AI Transparency Report
Atlantic Golf Club Inc. demonstrates consistent financial growth and strong asset accumulation over the past decade. In the latest filing (202312), the organization reported revenue of $15,091,926 against expenses of $11,288,840, resulting in a significant surplus. This trend of revenue exceeding expenses is generally positive, indicating financial stability and the ability to reinvest in its operations or mission. The organization's assets have steadily increased from $34,702,398 in 2014 to $43,303,528 in 2023, while liabilities remain a manageable proportion of assets, suggesting a healthy balance sheet.
However, without a specified NTEE code, it's challenging to assess its programmatic efficiency against peer organizations. The IRS 990 filings consistently report 0% officer compensation, which could indicate that executive roles are either unpaid or compensated through other means not categorized as 'officer compensation' on the 990, or that the organization is structured in a way that minimizes traditional executive salaries.

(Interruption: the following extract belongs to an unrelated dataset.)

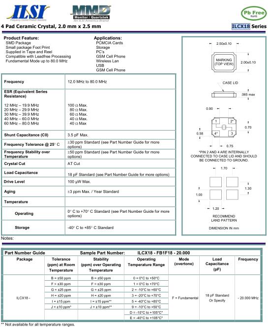 ILSI晶振規格 | 單位 | ILCX18晶振頻率范圍 | 石英晶振基本條件 | |

This lack of reported officer compensation, while seemingly positive, can sometimes obscure the full picture of leadership costs if compensation is channeled differently. The consistent surpluses and asset growth suggest a well-managed financial operation, but the specific allocation of expenses (programs vs. administrative vs. fundraising) is not detailed in the provided data, making a precise spending efficiency analysis difficult.